--- Dataset Enclosed Below ---
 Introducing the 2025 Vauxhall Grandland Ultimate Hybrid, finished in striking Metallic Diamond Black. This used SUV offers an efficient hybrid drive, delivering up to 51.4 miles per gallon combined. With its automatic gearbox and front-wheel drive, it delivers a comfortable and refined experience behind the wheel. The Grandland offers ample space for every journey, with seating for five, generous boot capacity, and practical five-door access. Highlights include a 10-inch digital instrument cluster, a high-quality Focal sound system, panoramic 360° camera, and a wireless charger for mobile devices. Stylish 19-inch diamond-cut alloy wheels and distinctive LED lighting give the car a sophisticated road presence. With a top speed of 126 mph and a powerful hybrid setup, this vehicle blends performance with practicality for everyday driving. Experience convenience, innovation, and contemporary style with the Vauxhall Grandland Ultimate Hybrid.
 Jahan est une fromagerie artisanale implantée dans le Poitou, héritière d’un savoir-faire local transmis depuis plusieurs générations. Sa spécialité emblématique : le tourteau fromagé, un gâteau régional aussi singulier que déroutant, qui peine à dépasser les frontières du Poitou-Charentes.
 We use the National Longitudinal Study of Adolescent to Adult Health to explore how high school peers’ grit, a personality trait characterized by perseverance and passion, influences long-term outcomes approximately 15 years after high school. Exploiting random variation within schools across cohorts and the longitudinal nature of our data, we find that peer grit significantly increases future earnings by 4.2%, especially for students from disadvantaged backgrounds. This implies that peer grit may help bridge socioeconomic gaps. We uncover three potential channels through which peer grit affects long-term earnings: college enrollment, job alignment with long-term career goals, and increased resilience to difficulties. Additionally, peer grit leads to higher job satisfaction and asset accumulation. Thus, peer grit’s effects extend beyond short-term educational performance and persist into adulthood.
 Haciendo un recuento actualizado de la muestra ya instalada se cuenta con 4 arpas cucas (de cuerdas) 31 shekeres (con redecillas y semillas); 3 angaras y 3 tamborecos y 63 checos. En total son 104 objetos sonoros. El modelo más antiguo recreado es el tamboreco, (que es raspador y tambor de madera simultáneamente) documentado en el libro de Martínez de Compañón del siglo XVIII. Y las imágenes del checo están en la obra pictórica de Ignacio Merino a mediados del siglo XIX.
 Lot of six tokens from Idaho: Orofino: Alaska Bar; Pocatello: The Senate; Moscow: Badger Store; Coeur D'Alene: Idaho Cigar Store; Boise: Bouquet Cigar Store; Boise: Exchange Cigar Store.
--- End of Enclosed Dataset ---
--- Dataset Enclosed Below ---
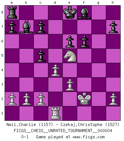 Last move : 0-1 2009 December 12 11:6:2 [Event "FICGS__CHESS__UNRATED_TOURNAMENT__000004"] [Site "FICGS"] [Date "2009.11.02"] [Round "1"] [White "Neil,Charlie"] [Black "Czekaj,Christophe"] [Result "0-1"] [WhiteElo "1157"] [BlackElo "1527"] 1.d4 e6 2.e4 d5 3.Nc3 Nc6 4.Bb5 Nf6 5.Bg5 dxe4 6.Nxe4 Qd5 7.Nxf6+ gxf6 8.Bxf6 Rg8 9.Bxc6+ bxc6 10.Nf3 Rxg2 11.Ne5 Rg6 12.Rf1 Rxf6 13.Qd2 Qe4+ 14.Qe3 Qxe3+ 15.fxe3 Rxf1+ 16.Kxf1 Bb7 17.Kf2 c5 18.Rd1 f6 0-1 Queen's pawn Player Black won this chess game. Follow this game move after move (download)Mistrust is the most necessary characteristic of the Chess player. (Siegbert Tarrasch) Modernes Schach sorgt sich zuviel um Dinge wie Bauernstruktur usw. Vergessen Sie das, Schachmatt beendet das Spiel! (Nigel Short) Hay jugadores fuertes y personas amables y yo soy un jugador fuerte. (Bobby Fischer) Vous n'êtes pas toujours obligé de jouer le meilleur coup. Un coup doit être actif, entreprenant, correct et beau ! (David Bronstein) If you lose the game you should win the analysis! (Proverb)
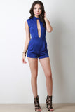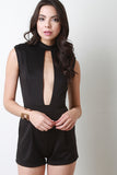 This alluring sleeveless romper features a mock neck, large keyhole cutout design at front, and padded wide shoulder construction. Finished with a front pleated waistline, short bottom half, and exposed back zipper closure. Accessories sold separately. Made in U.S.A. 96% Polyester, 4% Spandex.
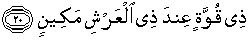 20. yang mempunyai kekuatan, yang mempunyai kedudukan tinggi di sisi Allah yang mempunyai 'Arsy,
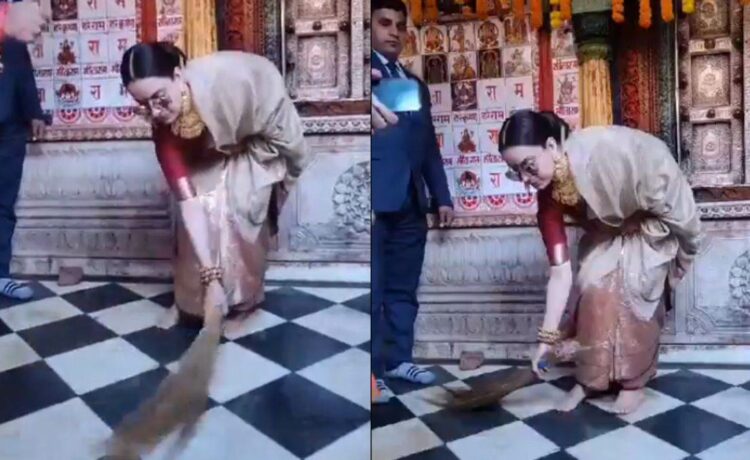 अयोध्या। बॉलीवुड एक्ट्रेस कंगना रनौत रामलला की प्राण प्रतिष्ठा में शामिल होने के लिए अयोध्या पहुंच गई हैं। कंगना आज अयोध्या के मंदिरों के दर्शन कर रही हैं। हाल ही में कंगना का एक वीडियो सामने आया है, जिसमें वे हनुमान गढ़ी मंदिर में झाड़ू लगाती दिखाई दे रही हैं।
--- End of Enclosed Dataset ---
--- Dataset Enclosed Below ---
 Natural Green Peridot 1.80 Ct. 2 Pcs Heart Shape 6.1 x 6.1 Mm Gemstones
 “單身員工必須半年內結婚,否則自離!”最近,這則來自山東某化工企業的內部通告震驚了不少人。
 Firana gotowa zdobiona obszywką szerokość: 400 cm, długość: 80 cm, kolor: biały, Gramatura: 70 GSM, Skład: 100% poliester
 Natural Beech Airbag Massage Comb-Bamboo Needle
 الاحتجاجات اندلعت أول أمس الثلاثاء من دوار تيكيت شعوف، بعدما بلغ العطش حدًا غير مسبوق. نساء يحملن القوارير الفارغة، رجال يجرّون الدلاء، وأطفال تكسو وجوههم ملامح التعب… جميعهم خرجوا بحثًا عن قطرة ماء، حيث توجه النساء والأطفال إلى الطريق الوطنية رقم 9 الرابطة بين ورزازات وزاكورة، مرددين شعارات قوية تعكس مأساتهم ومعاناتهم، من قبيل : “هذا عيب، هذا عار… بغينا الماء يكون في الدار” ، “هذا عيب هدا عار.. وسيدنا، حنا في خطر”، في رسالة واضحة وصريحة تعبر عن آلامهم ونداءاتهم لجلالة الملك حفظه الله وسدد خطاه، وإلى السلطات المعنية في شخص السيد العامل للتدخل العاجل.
--- End of Enclosed Dataset ---
*Work required*
Please find all lines of the entries that hold the string "Natural" and copy them.

*Task solution*
 Natural Green Peridot 1.80 Ct. 2 Pcs Heart Shape 6.1 x 6.1 Mm Gemstones
 Natural Beech Airbag Massage Comb-Bamboo Needle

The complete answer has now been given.